Unfortunately, this takes place far too often in committees. Committees are supposed to be an avenue where members from across political parties can negotiate, discuss and debate issues related to bills in a manner that is largely beyond partisanship. The health committee chose not to pursue that course on a bill which could be enormously supportive of the research community and of the health and welfare of Canadians.

The organization is fairly good. We support Dr. Friesen's contention and promise that a maximum of 5% of the moneys allocated toward research will go toward administration, making this a lean, mean organization, one where 95% of the money is spent on the hard edge of research, which we support. In order for this to happen, I put forward an amendment on behalf of the Reform Party but it was not accepted.

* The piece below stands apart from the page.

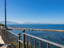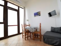 2-Zimmer-Wohnung 35 m2, im Erdgeschoss. Zweckmässig und komfortabel eingerichtet: Wohn-/Esszimmer mit 1 Diwanbett und Sat-TV (Flachbildschirm), Klimaanlage und Warmluftheizung. 1 Doppelzimmer mit Ventilator. Kochnische (4 Kochplatten, Backofen, Toaster, Wasserkocher, Mikrowelle, Tiefkühler, elektrische Kaffeemaschine). Dusche/Bidet/WC. Boiler (50 Liter). Herrliche Sicht auf das Meer. Zur Verfügung: Bügeleisen, Kinderhochstuhl, Babybett bis 2 Jahre, Haartrockner. Internet (Wireless LAN, gratis). Mit Aussicht aufs Meer.- Ausstattung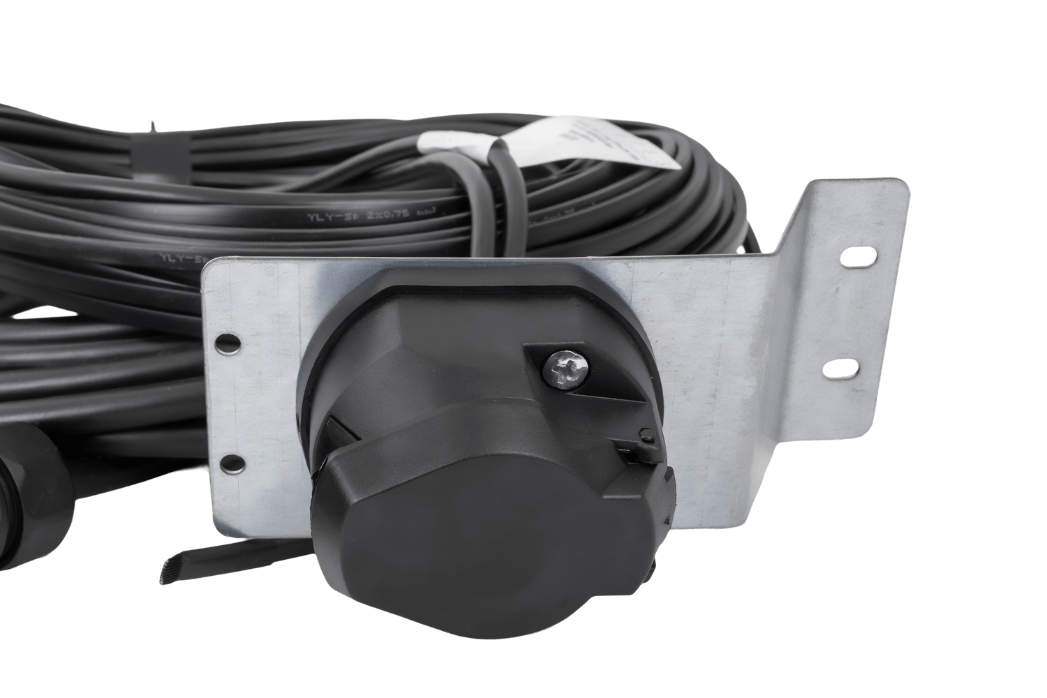 El conjunto se complementa con un cable adicional de 15 metros para una cómoda conexión de luces de posición situadas a lo largo de toda la longitud del remolque.

Another important issue is to ensure that basic research, a fundamental aspect of research in Canada, would be secured and that 20% of the money that was available would be proportioned directly to basic research.

One of the problems of involving a public-private partnership is that basic research, which does not have any short term to intermediate term benefit and no observable, concrete benefit in terms of profit-making for the private sector, would not be adequately funded in Canada. Dr. Polanyi, our Nobel prize laureate in chemistry, and other researchers, sent letters to all committee members saying that this was very important. We put forth an amendment to ensure that at least 20% of the money allocated to the CIHR would go toward basic research but that was defeated.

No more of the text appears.